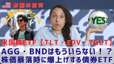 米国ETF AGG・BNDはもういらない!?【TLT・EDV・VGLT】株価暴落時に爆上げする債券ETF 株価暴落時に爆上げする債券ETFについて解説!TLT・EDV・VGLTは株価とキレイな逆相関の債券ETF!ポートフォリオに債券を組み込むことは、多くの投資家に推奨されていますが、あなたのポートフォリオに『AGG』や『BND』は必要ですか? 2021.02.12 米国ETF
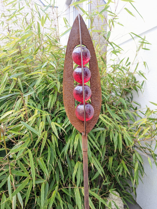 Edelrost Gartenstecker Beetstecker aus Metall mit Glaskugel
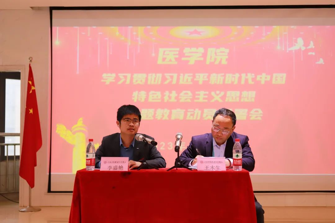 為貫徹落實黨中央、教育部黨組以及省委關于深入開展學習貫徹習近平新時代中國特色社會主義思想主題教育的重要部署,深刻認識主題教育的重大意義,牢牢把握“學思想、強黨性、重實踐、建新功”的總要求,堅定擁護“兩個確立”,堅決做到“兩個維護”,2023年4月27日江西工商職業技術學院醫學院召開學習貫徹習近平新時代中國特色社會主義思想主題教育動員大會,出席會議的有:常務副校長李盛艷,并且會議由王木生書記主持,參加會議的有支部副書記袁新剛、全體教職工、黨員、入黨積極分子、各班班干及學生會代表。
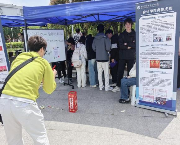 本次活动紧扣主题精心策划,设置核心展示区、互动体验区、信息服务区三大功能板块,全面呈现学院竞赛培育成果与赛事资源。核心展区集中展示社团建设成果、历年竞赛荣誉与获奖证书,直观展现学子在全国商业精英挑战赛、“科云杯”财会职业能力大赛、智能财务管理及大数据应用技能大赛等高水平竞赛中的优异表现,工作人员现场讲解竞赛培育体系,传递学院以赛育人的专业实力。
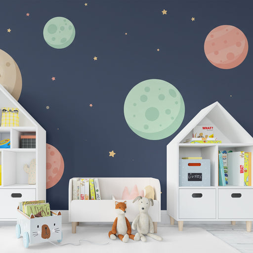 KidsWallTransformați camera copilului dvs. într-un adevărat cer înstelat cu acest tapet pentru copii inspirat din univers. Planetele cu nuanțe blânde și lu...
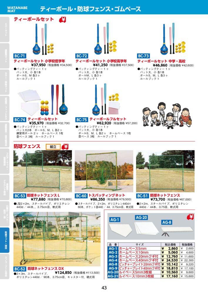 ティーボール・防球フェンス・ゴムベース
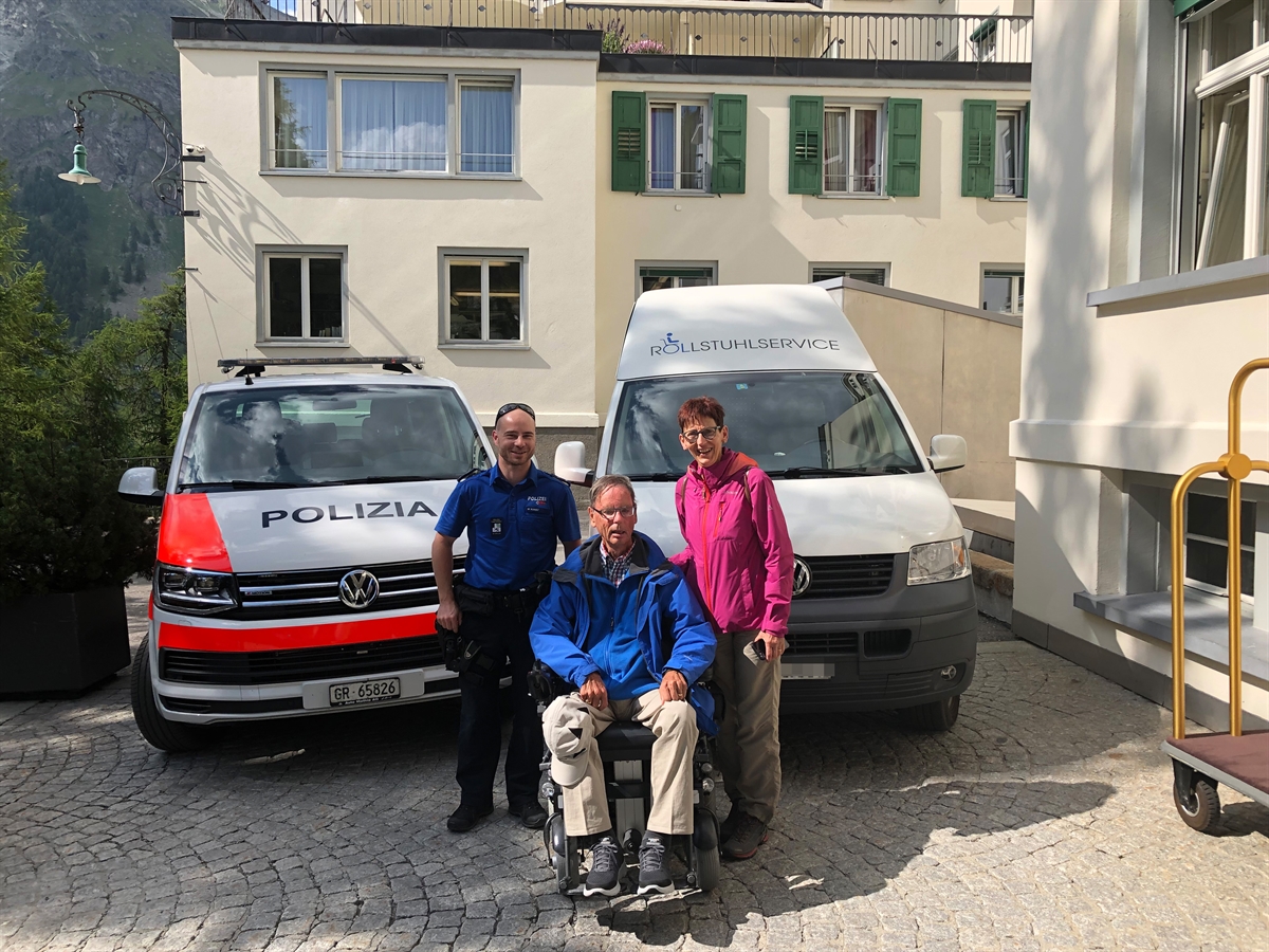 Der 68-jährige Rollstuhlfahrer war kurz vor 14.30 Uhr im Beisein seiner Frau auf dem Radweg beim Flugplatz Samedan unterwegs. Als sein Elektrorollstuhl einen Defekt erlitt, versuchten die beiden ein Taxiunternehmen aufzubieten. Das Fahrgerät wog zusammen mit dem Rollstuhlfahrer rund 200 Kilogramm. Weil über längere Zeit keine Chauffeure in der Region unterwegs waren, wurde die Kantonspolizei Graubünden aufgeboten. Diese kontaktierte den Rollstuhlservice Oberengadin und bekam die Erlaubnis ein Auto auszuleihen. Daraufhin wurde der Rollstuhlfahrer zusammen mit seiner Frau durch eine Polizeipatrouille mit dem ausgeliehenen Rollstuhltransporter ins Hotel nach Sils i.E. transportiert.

· · · · · · ·

DIRECTIONS
What is needed is an exact restatement of every line from the line containing "Edelrost Gartenstecker Beetstecker" through the last line of the records, minus any pictures.

RESPONSE TO THIS TASK
 Edelrost Gartenstecker Beetstecker aus Metall mit Glaskugel
 為貫徹落實黨中央、教育部黨組以及省委關于深入開展學習貫徹習近平新時代中國特色社會主義思想主題教育的重要部署,深刻認識主題教育的重大意義,牢牢把握“學思想、強黨性、重實踐、建新功”的總要求,堅定擁護“兩個確立”,堅決做到“兩個維護”,2023年4月27日江西工商職業技術學院醫學院召開學習貫徹習近平新時代中國特色社會主義思想主題教育動員大會,出席會議的有:常務副校長李盛艷,并且會議由王木生書記主持,參加會議的有支部副書記袁新剛、全體教職工、黨員、入黨積極分子、各班班干及學生會代表。
 本次活动紧扣主题精心策划,设置核心展示区、互动体验区、信息服务区三大功能板块,全面呈现学院竞赛培育成果与赛事资源。核心展区集中展示社团建设成果、历年竞赛荣誉与获奖证书,直观展现学子在全国商业精英挑战赛、“科云杯”财会职业能力大赛、智能财务管理及大数据应用技能大赛等高水平竞赛中的优异表现,工作人员现场讲解竞赛培育体系,传递学院以赛育人的专业实力。
 KidsWallTransformați camera copilului dvs. într-un adevărat cer înstelat cu acest tapet pentru copii inspirat din univers. Planetele cu nuanțe blânde și lu...
 ティーボール・防球フェンス・ゴムベース
 Der 68-jährige Rollstuhlfahrer war kurz vor 14.30 Uhr im Beisein seiner Frau auf dem Radweg beim Flugplatz Samedan unterwegs. Als sein Elektrorollstuhl einen Defekt erlitt, versuchten die beiden ein Taxiunternehmen aufzubieten. Das Fahrgerät wog zusammen mit dem Rollstuhlfahrer rund 200 Kilogramm. Weil über längere Zeit keine Chauffeure in der Region unterwegs waren, wurde die Kantonspolizei Graubünden aufgeboten. Diese kontaktierte den Rollstuhlservice Oberengadin und bekam die Erlaubnis ein Auto auszuleihen. Daraufhin wurde der Rollstuhlfahrer zusammen mit seiner Frau durch eine Polizeipatrouille mit dem ausgeliehenen Rollstuhltransporter ins Hotel nach Sils i.E. transportiert.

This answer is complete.